Create an output node for the fastqc component and link the fastq-inputs to this component
- Add a new processor and give it the name "fastqc"
- Examine the "FastqToFastQC.xml" file for the in- and output names and enter these in the "Ports" tab
- Go to the "Processor" tab, select type "GASW" and enter the URI of the fastqc gasw file (lfn://lfc.grid.sara.nl:5010/grid/vlemed/NBICtutorial/Sequence_WF/FastqToFastQC.xml)
- Close the "processor fastqc configuration" window
Run the workflow
- Add a new output to the canvas "fastqc_zip" and link the output port "fileOut.zip" to this output
- Link the "Pair1FastqGz" input to the "fastqc" component
- Save the workflow
- Browse to your desktop in the VBrowser (probably you need to refresh the view before you can see your workflow)
- Start your workflow (right click > view with.. > Other.. > ViewerMoteur2)
- Enter the input parameters.
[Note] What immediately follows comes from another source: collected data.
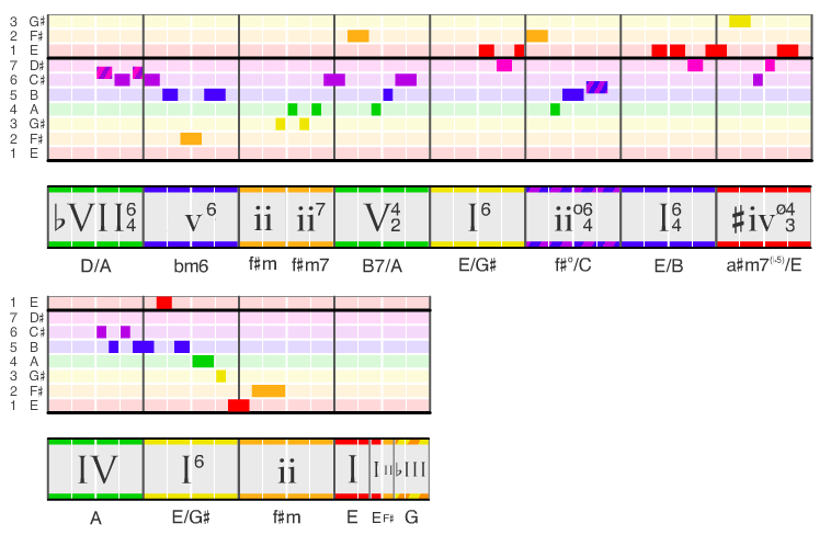 Chord diagram of "God Only Knows"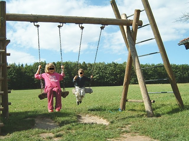 Children on a playground in the Vogelsberg in Hessia (Germany)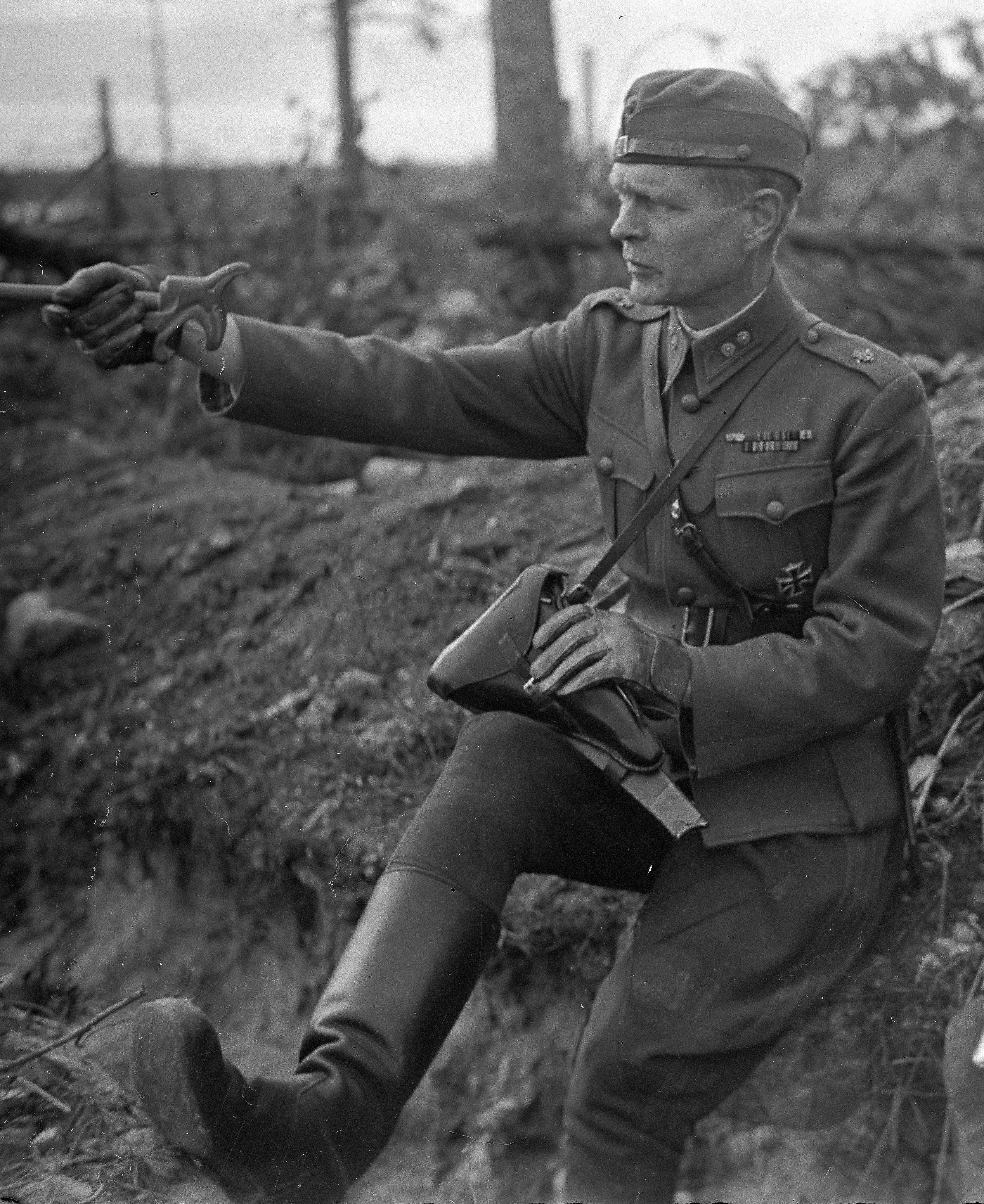 Lieutenant Colonel, commander of JR 44 Ilmari Rytkönen in Nietjärvi on 17 September 1944.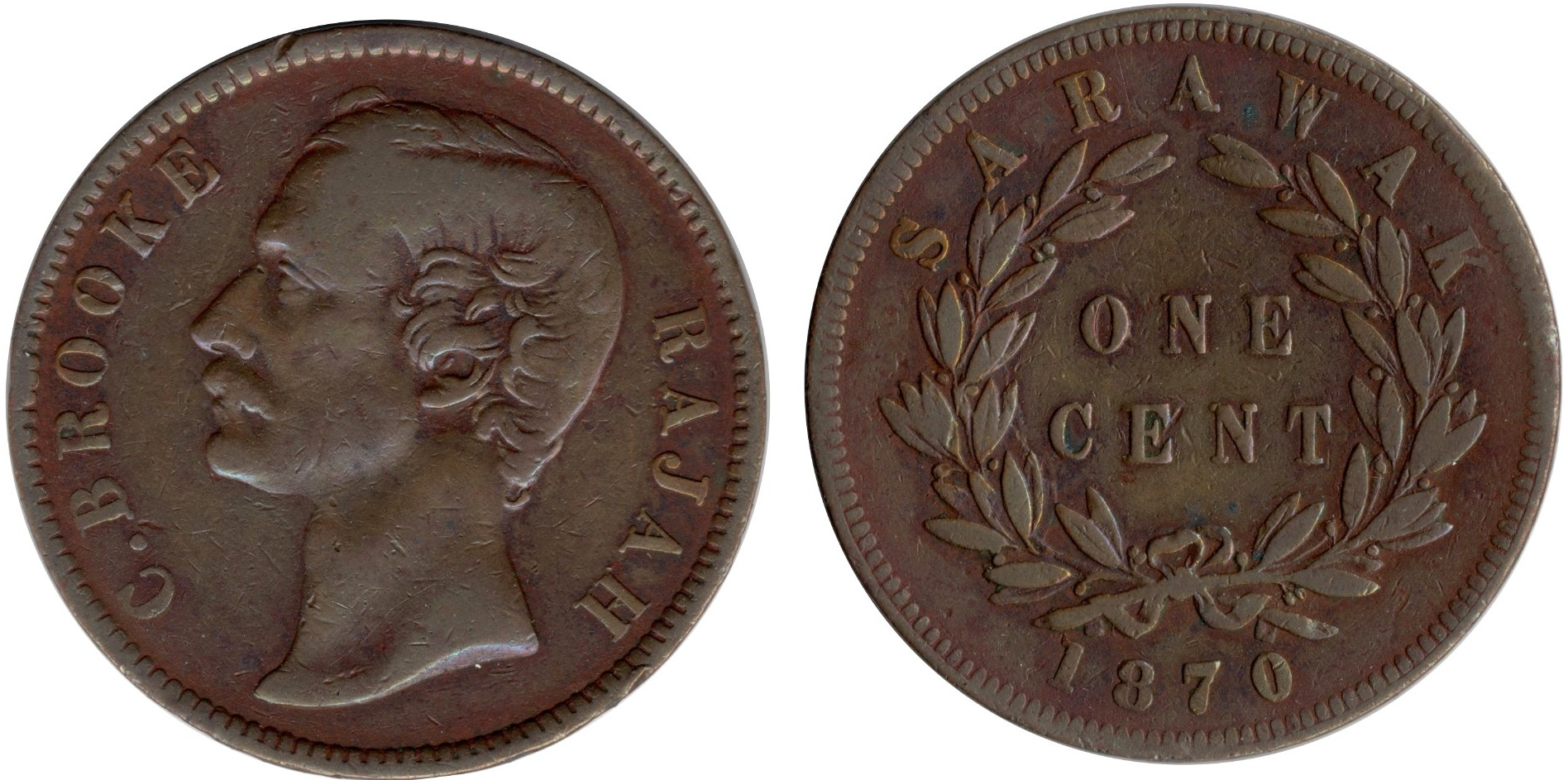 One cent coin from Sarawak. Dated 1870

You can use fake names for Lane, SampleName and Library. Don't forget to press [enter] after each value.
- Location of ParametersTxt: lfn://lfc.grid.sara.nl:5010/grid/vlemed/NBICtutorial/Sequence_WF/bwa-default.txt
- Pair1FastqGz: lfn://lfc.grid.sara.nl:5010/grid/vlemed/NBICtutorial/Sequence_WF/sequences-1000g/SRR063088_1.filtaz.fastq.gz
- Pair2FastqGz: lfn://lfc.grid.sara.nl:5010/grid/vlemed/NBICtutorial/Sequence_WF/sequences-1000g/SRR063088_2.filtaz.fastq.gz
- ReferenceTarGz: lfn://lfc.grid.sara.nl:5010/grid/vlemed/NBICtutorial/Sequence_WF/database-hg19/index_chr13.fa.tar.gz
- Run the workflow and monitor the progress via the Web service URL. The alignment can take a while, so you can check the results later on this day.
When you need to enter many parameters it is easier to edit an input-values-file. You can save the parameters via the "Save to file" button and manually add more values (or write a script to generate this file)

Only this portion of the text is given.